Government neglected to consider many factors when designing their solution to post-war St.Louis. For one, the redevelopment did not consider the dynamics of the community that was actually going to live within the walls of the complexes. As a matter of fact, they designed communal spaces for these structures, fully expecting that the residents would adapt to the ‘sense of community’ that was designed. In actuality, the residents of these  ‘slums’ measured the richness of their neighborhoods not by money, but by a sense of community that was different from the architects and urban planners.
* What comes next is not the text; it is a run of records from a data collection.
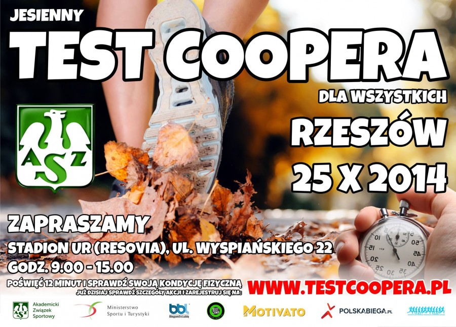 „Test Coopera dla Wszystkich” organizowany jest na zlecenie Ministerstwa Sportu i Turystyki w ramach ogólnopolskiej kampanii promowania sprawności fizycznej przez Akademicki Związek Sportowy Środowisko Warszawa we współpracy z jednostkami AZS w danych miastach. Impreza jest częścią akcji Polska Biega. W Rzeszowie organizatorami jest Klub Uczelniany Akademickiego Związku Sportowego Uniwersytetu Rzeszowskiego oraz Samorząd Studentów Wydziału Wychowania Fizycznego Uniwersytetu Rzeszowskiego.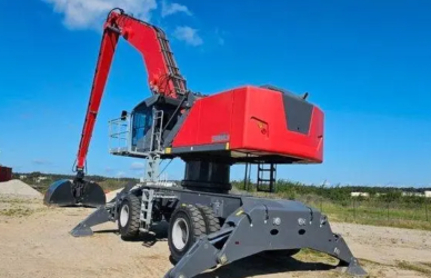 Fuchs MHL380/390F – год выпуска 2023, наработка 400 часов, подъемная кабина, цельнолитые колеса, стрела изогнутая 22м, пилон 1м. Три грейфера, 2-х челюстные 6м3 и 2,7м3, 5-ти лепестковый 1м3. Цена в РФ 140 млн. рублей, включая НДС и ПСМ.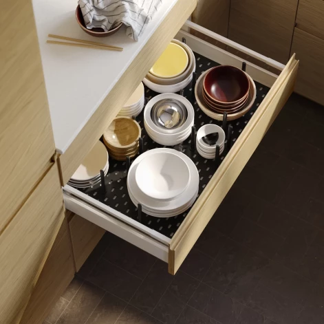 "Katliem un pannām ir vajadzīgs gudrs glabāšanas risinājums. Dziļas atvilktnes, pielāgojami atdalītāji vai pannu organizatori ļauj tās uzglabāt stāvus un izvairīties no smagnējas kaudzes efekta. Vākus var novietot statīvā vai piestiprināt skapīša durvju iekšpusē. Tā katram katlam un pannai ir sava vieta un to var ātri un vienkārši paņemt," iesaka Rimkus.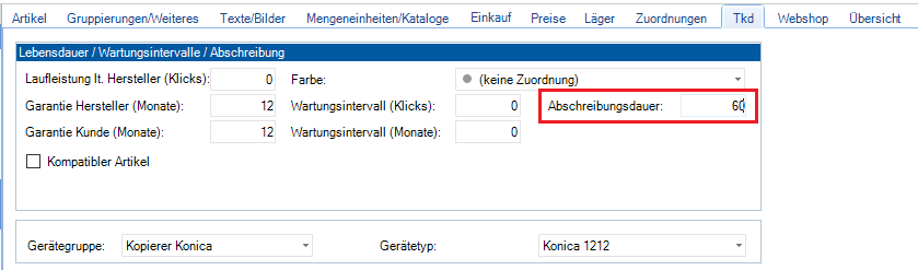 Am Modellartikel (Modul Artikel) sollte zuerst die Abschreibungsdauer in Monaten hinterlegt werden (Registerkarte TKD).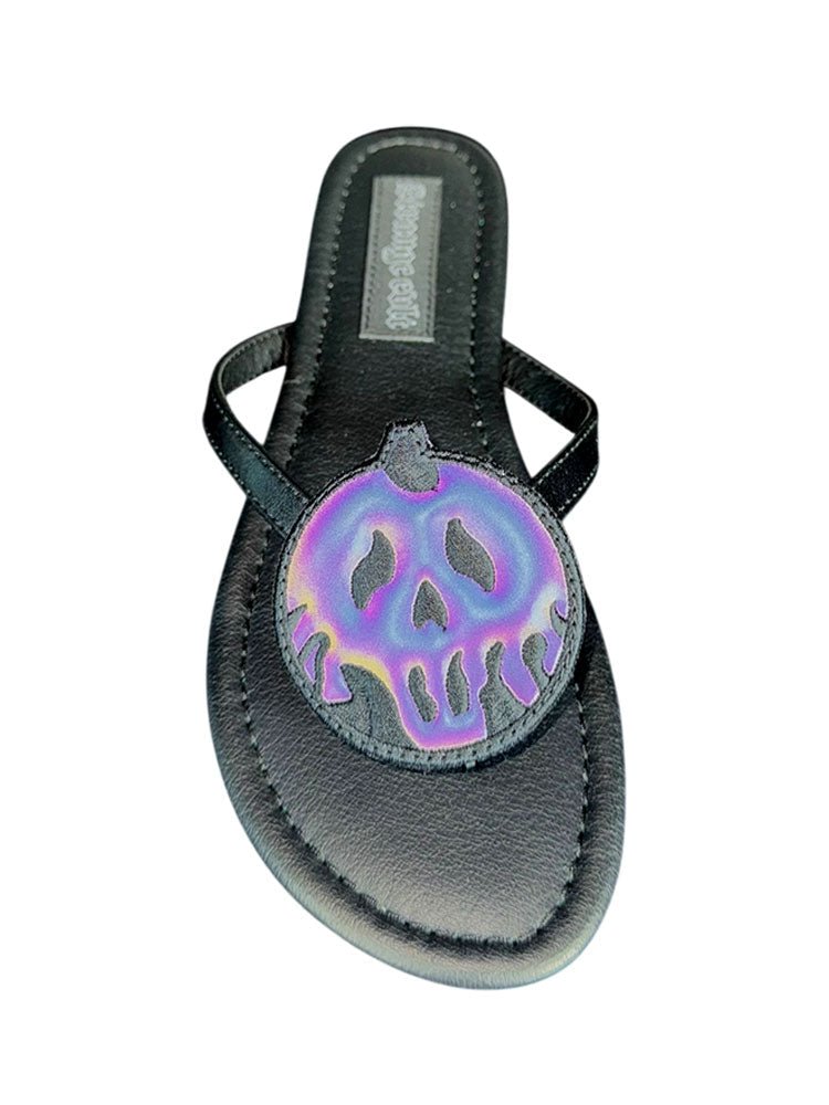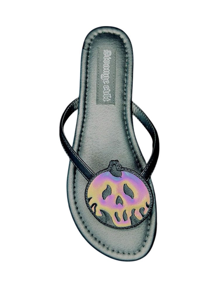 Step into the spooky season with the Betty Poison Pumpkin in black and reflective glory. This vegan leather sneaker features a sleek black upper and adjustable vegan leather straps for a secure fit. The standout reflective poison pumpkin detail adds an eerie glow and playful edge, perfect for those who embrace the darker side of style. Built on a durable black rubber outsole, these kicks keep you grounded while your vibe stays delightfully wicked.
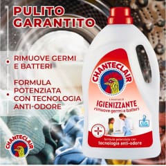 Chanteclair Lavatrice Igienizzante to dezynfekujący detergent do pralki, który skutecznie usuwa uporczywe plamy, zarazki i bakterie, zapewniając higienicznie czyste pranie dla całej rodziny. Skoncentrowana formuła działa efektywnie nawet w niskich temperaturach, co pozwala oszczędzać energię bez utraty skuteczności.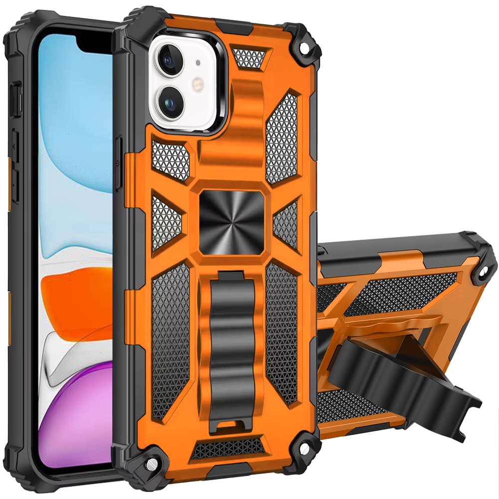 For iPhone 11 (XI6.1) Machine Design Hybrid with Kickstand - Cosmic Orange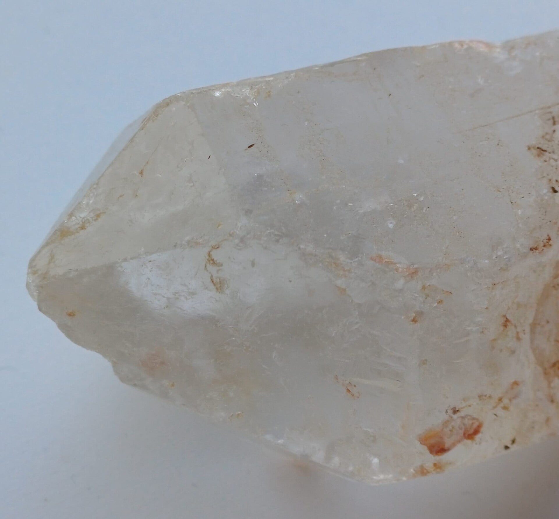 Ruwe en onbewerkte* Bergkristal punt. Ideaal om zelf mee aan de slag te gaan (bijvoorbeeld polijsten, lapidarie) of gewoon te bewonderen, zoals de natuur het afgegeven heeft. Bevat insluitsels van ijzeroxiden, welke ontstaan zijn door een waterrijke omgeving waarin de kristallen 'gegroeid' zijn. ;)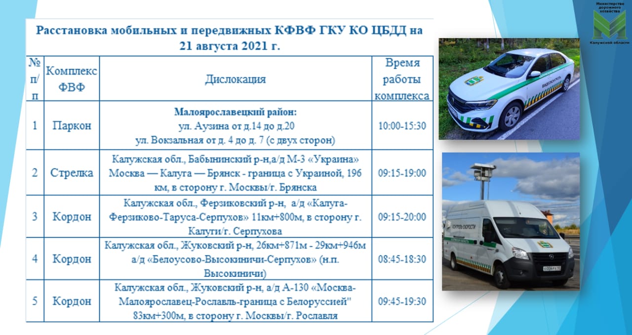Расстановка мобильных камер на сегодня в Калуге и области.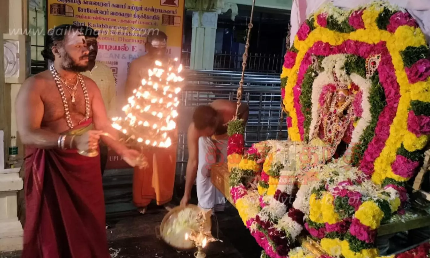 தர்மபுரி மாவட்டம் அதியமான்கோட்டை தட்சணகாசி காலபைரவர் கோவிலில் வளர்பிறை அஷ்டமி சிறப்பு பூஜை நடைபெற்றது. இதையொட்டி மூலவர் மற்றும் உற்சவருக்கு சிறப்பு அபிஷேக ஆராதனை மற்றும் வழிபாடு நடந்தது. தொடர்ந்து யாகசாலை பூஜைகள் மற்றும் லட்சார்ச்சனை வழிபாடு நடைபெற்றது. பின்னர் உபகார பூஜைகளும், மூலவருக்கு சிறப்பு அலங்கார சேவையும் நடந்தது. தொடர்ந்து கோவில் வளாகத்தில் வளர்பிறை அஷ்டமி ஊஞ்சல் சேவை நடந்தது. இதில் சாமி சிறப்பு அலங்காரத்தில் பக்தர்களுக்கு அருள் பாலித்தார். தொடர்ந்து சாமிக்கு மகா தீபாராதனை நடைபெற்றது. இதில் ஏராளமான பக்தர்கள் கலந்து கொண்டு சாமி தரிசனம் செய்தனர். இந்த வழிபாட்டையொட்டி பக்தர்களுக்கு சிறப்பு பிரசாதம் வழங்கப்பட்டது. இதற்கான ஏற்பாடுகளை கோவில் செயல் அலுவலர் ஜீவானந்தம், கோவில் அர்ச்சகர் கிருபாகரன் குருக்கள் மற்றும் விழா குழுவினர் செய்து இருந்தனர்.

These people lived by a unique set of values—a fact which the government officials overlooked and, as a result, did not factor into their plans. Ultimately, the redevelopment plan ignored the histories and realities of these people.

Another fallacy of policy making is evident in Pruitt-Igoe. The government and other key stakeholders incorrectly assumed that the circumstances they observed at an exact moment would only change if policy makers took immediate action. The reality is, however, that the conditions at any given moment are merely a snapshot of a bigger picture and a bigger system. In other words, they don’t tell the full story. Because government limited its thinking and attention to addressing the tensions witnessed at that pinnacle moment in history, the future of the Pruitt-Igoe complexes was pre-ordained. They didn’t consider the mass exodus of the middle-class, or the gradual decline of the poor into different financial and social tiers.

The main value and motivation in the creation of these plans was money. What if the project was premised on a different set of values? Say, cultural? Political? Entrepreneurial? Sustainable? Would the government’s plan for revitalization have looked differently if this were the case?

This line of questioning leads to a larger design narrative. How can we start to encourage our collaborators to ask the right questions when failures arise? How can we start to challenge our own solutions, regardless of our attachment to them? Why isn’t it okay to sometimes be wrong?

We, designers and professionals, need to be more reflexive not just in our processes, but in our failures.